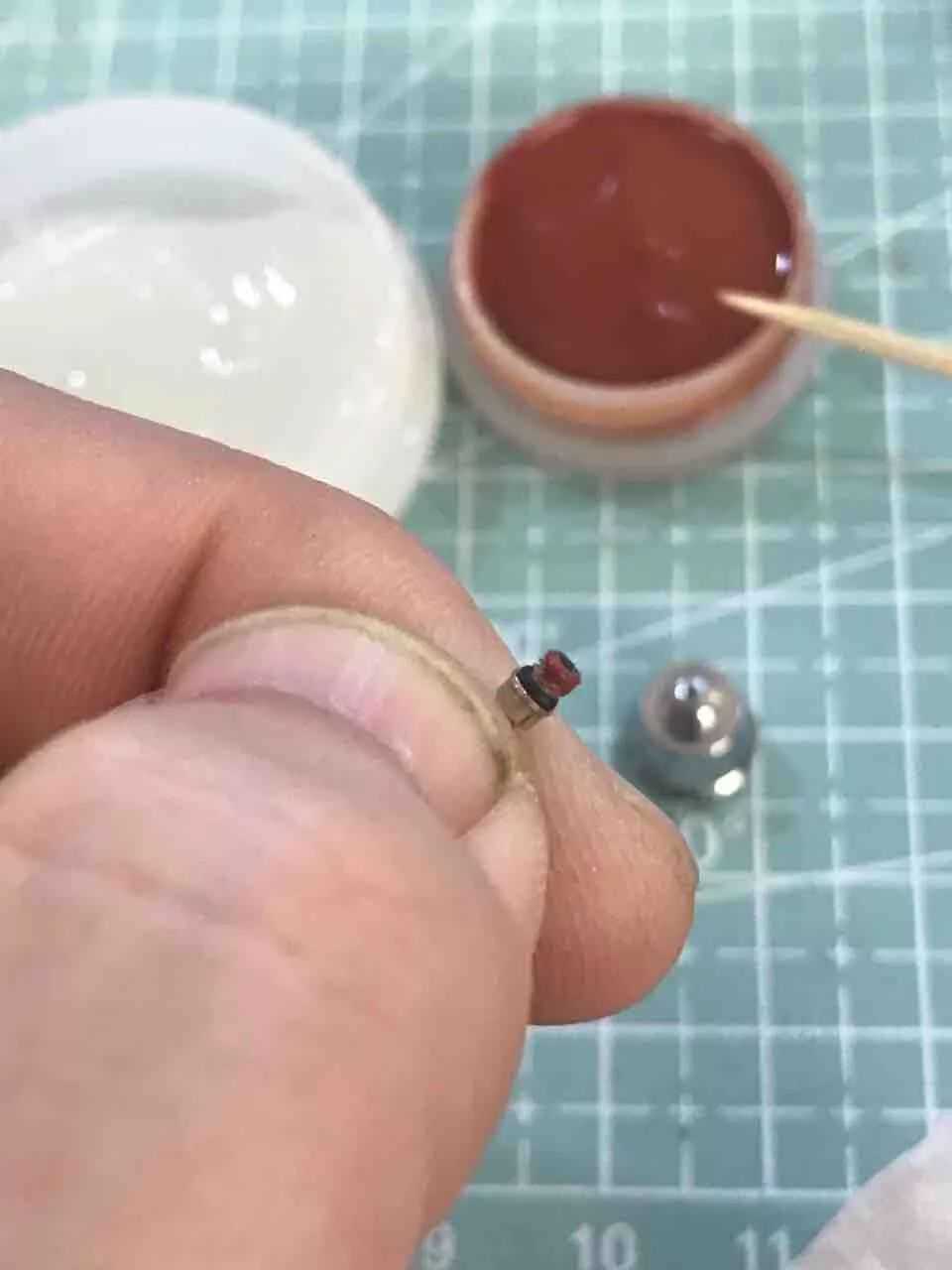 1、笔尾端的圆球看似以为和英菲尼迪的设计一样一按方便调节出漆量,实际一点毛用都没有,是用来吸住喷嘴的吸铁石而已,然而吸力并不好,很容易掉,所以毫无用处。
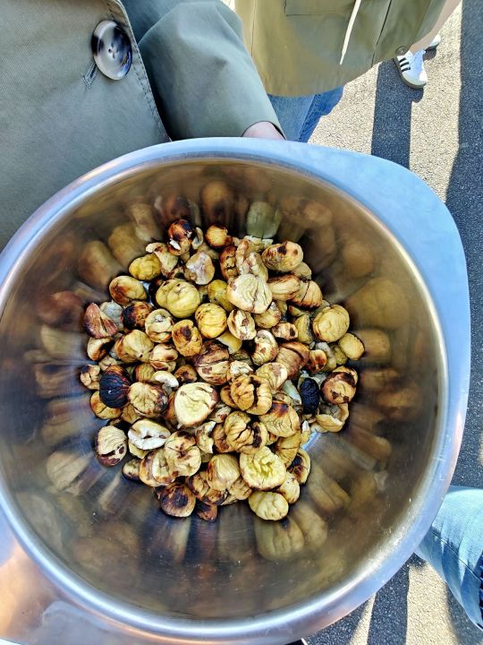 L’après-midi, parents et grands-parents ont rejoint l’école pour griller et éplucher les châtaignes, préparant ainsi un goûter convivial pour tous.
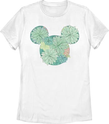 - Own the moment with this stylish new women's t-shirt that is perfect for all occasions! Featuring the Mickey Mouse silhouette logo filled with succulent plants across the front.
○ ○ ○ ○
_Work item_: Output only the lines that run from the line containing "L’après-midi, parents et" to the last line of the data, exactly as they stand and without pictures.

_Written reply_:
 L’après-midi, parents et grands-parents ont rejoint l’école pour griller et éplucher les châtaignes, préparant ainsi un goûter convivial pour tous.
 - Own the moment with this stylish new women's t-shirt that is perfect for all occasions! Featuring the Mickey Mouse silhouette logo filled with succulent plants across the front.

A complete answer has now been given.